(Work task):
Leave out the pictures, and write out exactly the lines from the beginning of the material to the line holding "Отзывы на Рюкзак", that line included, and nothing else.

(Data block):
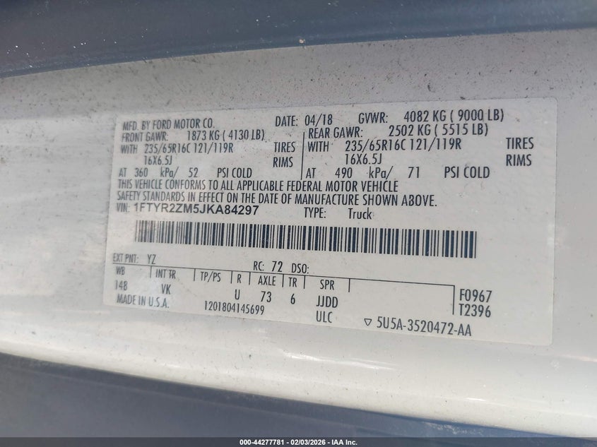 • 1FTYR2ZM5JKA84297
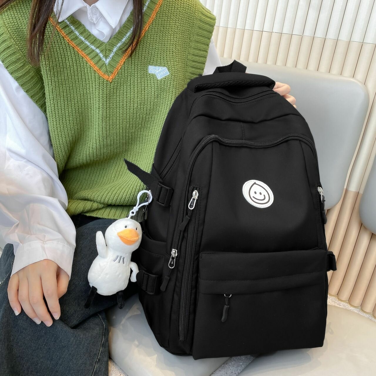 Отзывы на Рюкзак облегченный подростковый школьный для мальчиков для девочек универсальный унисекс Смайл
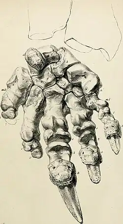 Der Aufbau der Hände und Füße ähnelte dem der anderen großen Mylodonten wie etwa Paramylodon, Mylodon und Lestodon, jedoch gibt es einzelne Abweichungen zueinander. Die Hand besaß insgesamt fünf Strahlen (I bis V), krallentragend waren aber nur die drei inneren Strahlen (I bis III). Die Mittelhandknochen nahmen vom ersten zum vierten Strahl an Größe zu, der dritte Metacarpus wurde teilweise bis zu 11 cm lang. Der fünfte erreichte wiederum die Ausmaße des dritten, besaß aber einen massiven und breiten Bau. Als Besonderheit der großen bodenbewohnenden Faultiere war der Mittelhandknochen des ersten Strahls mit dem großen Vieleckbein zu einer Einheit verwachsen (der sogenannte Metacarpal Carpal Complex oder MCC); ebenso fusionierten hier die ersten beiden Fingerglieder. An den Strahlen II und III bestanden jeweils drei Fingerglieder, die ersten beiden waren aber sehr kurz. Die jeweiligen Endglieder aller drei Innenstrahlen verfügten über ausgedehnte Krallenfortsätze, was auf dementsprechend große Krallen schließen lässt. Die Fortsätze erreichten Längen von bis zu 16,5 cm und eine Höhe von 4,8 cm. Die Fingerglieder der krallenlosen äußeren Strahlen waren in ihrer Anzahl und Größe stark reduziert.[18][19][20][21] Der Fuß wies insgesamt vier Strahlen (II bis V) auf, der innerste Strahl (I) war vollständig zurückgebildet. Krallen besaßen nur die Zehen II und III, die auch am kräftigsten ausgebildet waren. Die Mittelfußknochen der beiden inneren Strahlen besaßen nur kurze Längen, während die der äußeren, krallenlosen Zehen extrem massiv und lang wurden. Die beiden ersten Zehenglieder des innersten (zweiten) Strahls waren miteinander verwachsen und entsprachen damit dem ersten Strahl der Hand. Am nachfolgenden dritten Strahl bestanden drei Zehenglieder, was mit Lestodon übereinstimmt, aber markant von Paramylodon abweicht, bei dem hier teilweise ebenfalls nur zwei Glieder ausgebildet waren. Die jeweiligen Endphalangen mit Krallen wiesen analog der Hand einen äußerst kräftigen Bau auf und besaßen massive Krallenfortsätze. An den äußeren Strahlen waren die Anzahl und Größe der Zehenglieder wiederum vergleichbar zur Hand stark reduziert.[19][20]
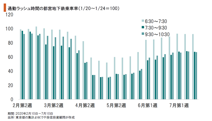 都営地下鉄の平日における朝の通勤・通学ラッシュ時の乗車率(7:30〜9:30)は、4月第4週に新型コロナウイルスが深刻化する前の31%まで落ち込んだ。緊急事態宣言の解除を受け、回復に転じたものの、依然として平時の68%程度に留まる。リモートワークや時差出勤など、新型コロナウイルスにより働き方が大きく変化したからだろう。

(Written answer):
 • 1FTYR2ZM5JKA84297
 Отзывы на Рюкзак облегченный подростковый школьный для мальчиков для девочек универсальный унисекс Смайл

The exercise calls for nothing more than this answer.